In 2005, I ran the race alone. Well, not alone of course. I had a couple of thousand other runners keeping me company, but I didn't have anyone really to share the experience with. When I crossed that finish line, having run much farther than I had before, farther than I believed I could, I wept with joy and satisfaction. I broke down without reservation, and that may have been the first step toward feeling a part of something. To appear weak in a crowd of people and be proud and not ashamed.

Ten years later I headed to the start line with five others, four of us jammed hip to hip in the back seat on the drive in. Three were basically strangers, but it was race morning and all barriers were down amidst the nervous excitement. It was below freezing at the start, but it didn't dampen anyone's resolve. We would join in the battle together, and we would finish. We lost each other almost immediately after the gun went off, but we were joined by others, their drumbeat of foot strikes providing a rhythm to the morning.

I ran a solid race. The time was almost unimportant, though I found some satisfaction in the clock. I came in just under my goal time, and more satisfyingly, I ran the second, hillier half in just about the same time as the first. I found that hidden reservoir to keep pressing even as the road grew long (and steep). Afterward, when we had all crossed the line, we got to share in the victory, each understanding what the other had been through. Community through shared experience.

I still struggle to get out the doors some days, and there are often more ticks on the clock by the time I finish, but running still has power in my life. Power to detach, power to connect, power to challenge and power to succeed. The power to bring me closer to friend and stranger alike.

Ten years on, the finish line was (almost) as sweet.

2005

2015

Number one and number ten



November 28, 2015

On the road(s) again



While I was down in San Diego, along with reconnecting with friends, I wanted to reconnect with running as well. I needed a kickstart, and I thought sunshine and beachfront scenery would do the trick.

My first run was a nice pairing of the connections. I went for a run with the other Sean on one of his regular loops up in Oceanside. It was great chatting with him, though it was between my slightly labored huffing and puffing. It didn't help that it was the longest run I had been on in five months, or that we had spent the previous evening catching up over (several) beers.

Once I headed south to San Diego, I retraced some of my favorite routes over the next few days. I had picked a place steps away from the Mission Bay Loop, so running would as easy as stepping out the door. The loop around the whole bay is about fifteen miles, so I opted to only do the western half. The shorter seven miles was still pushing it for my current level of fitness, but the sun, surf and other fit bodies out running kept me pressing forward.

Over the next couple of days I ran up to Sunset Cliffs and then along the Mission Beach boardwalk. Getting back to regular exercise was of course part of the motivation, but running along those familiar paths again helped bring back all that was good about my time in San Diego. I found parts of myself I had neglected or forgotten in my time living there, and I found memory triggers of those feelings three years later in random places along the path.

Back at home, there is little sun or surf to tempt me outside, but it looks like I was able to bring a bit of that San Diego magic back with me. I have managed to get out eight times in the two weeks I have been back, so the habit is starting to feel ingrained once again. The half marathon scheduled for tomorrow also helped to add a little urgency to get my butt and feet back out on the road, but there seems to be more to it than that. I am starting to care again for this body I have been given. Though I am still struggling with the food aspect (especially during the holidays), when I am running regularly I start to look at food more as fuel than as a source of comfort, so hopefully that will begin to spill over.
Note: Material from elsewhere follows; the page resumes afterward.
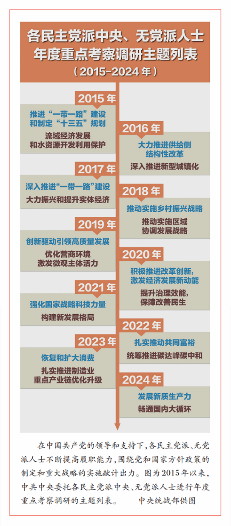 二是指明了新时代多党合作事业的前进方向。为中国人民谋幸福、为中华民族谋复兴是中国共产党的初心和使命,也是中国共产党领导的多党合作的初心和使命。党的十八大以来,以习近平同志为核心的党中央把坚持和完善中国共产党领导的多党合作和政治协商制度纳入党的基本方略,作为发展全过程人民民主的重要内容,完善顶层设计,健全制度机制,巩固政治共识,激发制度效能,推动中国新型政党制度不断发展完善、更加成熟定型。习近平总书记关于坚持好、发展好、完善好中国新型政党制度的重要论述,深刻阐明了中国新型政党制度的理论基础、文化渊源、特色优势和价值功能等,明确了自信自立、务实有效、规范有序、生动活泼的目标要求,为各民主党派、无党派人士在中国共产党领导下始终坚守合作初心、携手同行提供了根本遵循。

In another moment this week, after returning from a lunchtime run, I walked over to the local coffee shop to grab some caffeine. Before even taking a sip, on the walk back I noticed the world seemed a little sharper, the colors a little brighter. An endorphin afterglow I suppose. Whatever it was, it felt like a veil lifting for just a moment to get a peek at what was on the other side, and confirmation that I have taken some positive steps down the right road.

November 11, 2015

A San Diego state of mind



I landed in San Diego on Thursday, and after finding my luggage that had arrived a day earlier, I hopped on the shuttle bus to the rental lot. I ended up with a basic Nissan coupe, with the most important features being great gas mileage and a place to plug in my iPod, as I would be on the road quite a bit. Though my new-to-me Honda is a noticeable improvement over the old truck, driving a new car highlights the fact that my "new" car is more than a decade old. New is just so tight, clean and appealing.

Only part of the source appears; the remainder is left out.